En un Estado de derecho como el nuestro, se suele decir que las penas son la opción más radical para resolver un conflicto social. No obstante, cuando se revisa la legislación, la abrumadora mayoría de los delitos ofrece la pena de cárcel como única alternativa.
No deja de ser paradójico que haya una misma respuesta para problemas que tienen tantas y diversas causas. Así, por ejemplo, al homicida, al ofensor sexual, al estafador, al político corrupto y al asaltante se les ofrece el mismo tratamiento resocializador: la prisión.
En otras palabras, nuestro derecho solo contempla –en la práctica– una única respuesta a problemas sociales que, a todas luces, tienen orígenes y causas tan distintos como quienes los perpetran.
Ello explica, en buena medida, la situación del hacinamiento carcelario que enfrenta el país, pero, también, el poco éxito de la política criminal que se ha venido impulsando desde hace, aproximadamente, 25 años.
Otra opción. ¿Existe, entonces, alguna otra salida? Lo que se cuestiona aquí tiene que ver no solo con la dignidad de las personas encerradas, sino, además, y, sobre todo, con la eficacia de las medidas usualmente utilizadas para combatir conductas que se estiman injustas y el verdadero impacto que tienen para que nuestra seguridad mejore.
La realidad de nuestro sistema penal, por lo tanto, exige el planteo de medidas que transiten por un rumbo distinto al clamoroso pedido que hacen ciertos sectores por más represión. Pasa por ampliar el catálogo de penas, distintas del encierro, para hacer frente al delito.
Por ello, el Ministerio de Justicia y Paz ha presentado un proyecto de ley que se tramita en la corriente legislativa, bajo el expediente N.° 20.020.
El propósito es reformar el artículo 56 bis del Código Penal y regular los criterios bajo los cuales los jueces, al dictar una sentencia, podrían imponer como sanción los servicios de utilidad pública.
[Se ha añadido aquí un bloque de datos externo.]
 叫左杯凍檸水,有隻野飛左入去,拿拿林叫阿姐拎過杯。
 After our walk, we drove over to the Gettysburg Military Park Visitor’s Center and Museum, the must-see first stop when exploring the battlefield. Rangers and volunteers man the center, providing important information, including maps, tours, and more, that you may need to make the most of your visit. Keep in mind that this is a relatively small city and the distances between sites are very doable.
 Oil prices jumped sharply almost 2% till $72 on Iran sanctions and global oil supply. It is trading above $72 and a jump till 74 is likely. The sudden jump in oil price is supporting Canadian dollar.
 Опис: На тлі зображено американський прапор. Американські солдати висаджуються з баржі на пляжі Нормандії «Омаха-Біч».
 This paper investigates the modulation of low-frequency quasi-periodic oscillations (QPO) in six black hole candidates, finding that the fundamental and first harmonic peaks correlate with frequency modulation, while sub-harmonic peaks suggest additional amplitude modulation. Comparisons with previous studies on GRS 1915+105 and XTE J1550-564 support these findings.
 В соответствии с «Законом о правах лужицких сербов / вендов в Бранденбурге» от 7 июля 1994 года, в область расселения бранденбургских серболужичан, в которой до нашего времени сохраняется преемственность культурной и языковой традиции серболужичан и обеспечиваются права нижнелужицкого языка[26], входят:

Estas penas, que supondrían trabajos comunitarios hasta de 500 horas al año, se utilizarían en caso de delitos no violentos, donde no se haya empleado armas y para personas sin antecedentes.
Se excluyen las faltas más graves como el crimen organizado, los delitos sexuales o el feminicidio. Al tiempo, se fija un riguroso proceso de control sobre el cumplimiento de la sanción a cargo de la Dirección General de Adaptación Social y los jueces de ejecución de la pena.
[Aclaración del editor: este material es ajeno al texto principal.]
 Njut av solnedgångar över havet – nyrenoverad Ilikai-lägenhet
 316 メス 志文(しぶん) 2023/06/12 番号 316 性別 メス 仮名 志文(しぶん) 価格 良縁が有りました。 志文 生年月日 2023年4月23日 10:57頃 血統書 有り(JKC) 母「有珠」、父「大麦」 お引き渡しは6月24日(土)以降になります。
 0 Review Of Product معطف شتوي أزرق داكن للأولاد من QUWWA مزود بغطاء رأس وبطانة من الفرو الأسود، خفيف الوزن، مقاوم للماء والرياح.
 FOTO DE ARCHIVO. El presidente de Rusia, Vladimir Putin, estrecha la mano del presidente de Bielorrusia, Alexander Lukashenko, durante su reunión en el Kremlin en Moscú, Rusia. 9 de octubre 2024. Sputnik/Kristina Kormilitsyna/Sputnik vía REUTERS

La propuesta podría parecer innovadora (quizás demasiado, esgrimirán algunas voces ancladas en el modelo tradicional de combatir el crimen con encarcelamiento); sin embargo, no es así.
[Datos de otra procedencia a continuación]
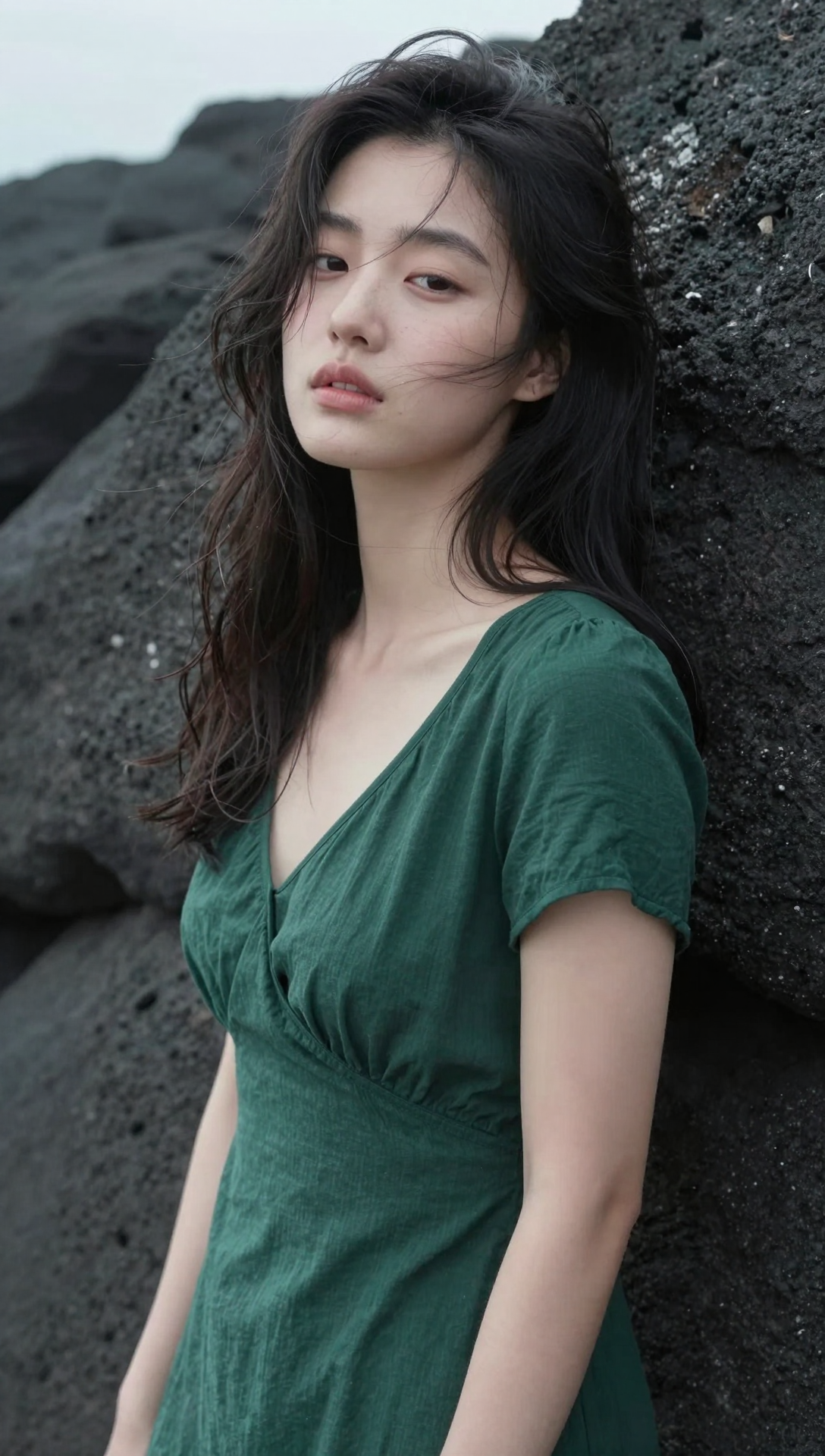 Beautiful cute Korean young woman standing beside a rugged dark volcanic rock wall near the seaside, soft wind gently moving her long wavy black hair across her face, calm melancholic expression with slightly glossy eyes and relaxed lips, smooth natural skin with subtle freckles and natural texture, slim delicate figure, wearing a deep forest-green short-sleeve dress with soft gathered fabric at the shoulders, muted natural color palette, overcast coastal daylight creating soft diffused highlights and gentle shadows, cinematic shallow depth of field isolating her from the textured stone background, ultra-clear facial focus, realistic skin and fabric rendering, fine film grain texture, professional cinematic portrait photography style, poetic emotional atmosphere, quiet introspective mood, balanced composition, modern fine-art aesthetic, ultra-high resolution, 4k masterpiece, premium visual quality
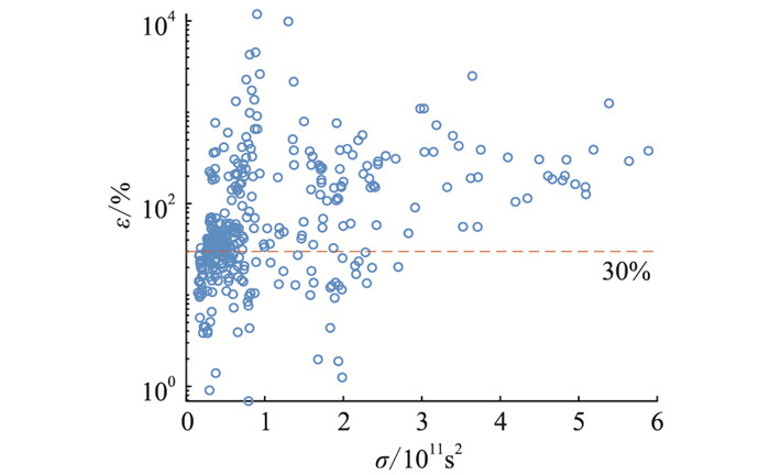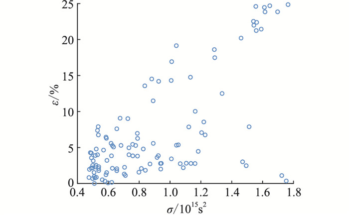 可见,估计的参考系统惯量与设定值较为接近,参考系统能够近似真实系统。之后对各机组后280 s的数据集各数据窗进行惯量辨识。统计每个数据窗的辨识误差ε,并进行先验方差σ的估计。G5的先验方差和辨识误差关系如图 3所示。可见先验方差和辨识误差有明显正相关关系,先验方差σ较小的数据组,辨识误差ε一般也较小。对G1,G5,G6,G9,筛选出先验方差较低的50%数据窗,得到新的数据集。仿真数据辨识误差较小,因此取有效误差门限εTH为5%。
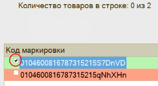 На закладке «Коды маркировки» открытого документа указаны коды маркировки из документа «Перемещение в дорогу», оформленным при отгрузке в ТП7 — они выводятся на красном фоне. После сканирования реально поступивших кодов маркировки, у строки с этим кодом фон изменяется на зеленый и у КМ проставляется «галочка». Если код маркировки не совпал с КМ из документа, он записывается в табличную часть закладки «Проблемные товары».

De hecho, hace ya cuatro décadas, en la resolución N.° 10 del nueve de marzo de 1976, el Comité de Ministros del Consejo de Europa recomendó a los Estados miembros “revisar su legislación con vista a suprimir los obstáculos legales para la aplicación de las medidas sustitutivas de las penas privativas de libertad”.
Como puede verse, se trata de mecanismos implementados con éxito en otras partes del mundo desde hace muchísimo tiempo.
Un caso de éxito. En América Latina, un caso que merece especial atención es el brasileño. En ese país, la población penitenciaria aumentó a una tasa del 12% entre 1995 y el 2005, lo que significó un incremento global del 144%. Sin embargo, luego de la puesta en práctica de penas alternativas, dicha tasa detuvo su meteórico ascenso y aumentó a un ritmo del 5% anual, entre el 2005 y el 2009.
Dentro de las penas alternativas, destacó, justamente, la prestación de servicios a la comunidad. Más aún, este tipo de sanción supuso el 80% de las penas alternativas aplicadas en aquel período.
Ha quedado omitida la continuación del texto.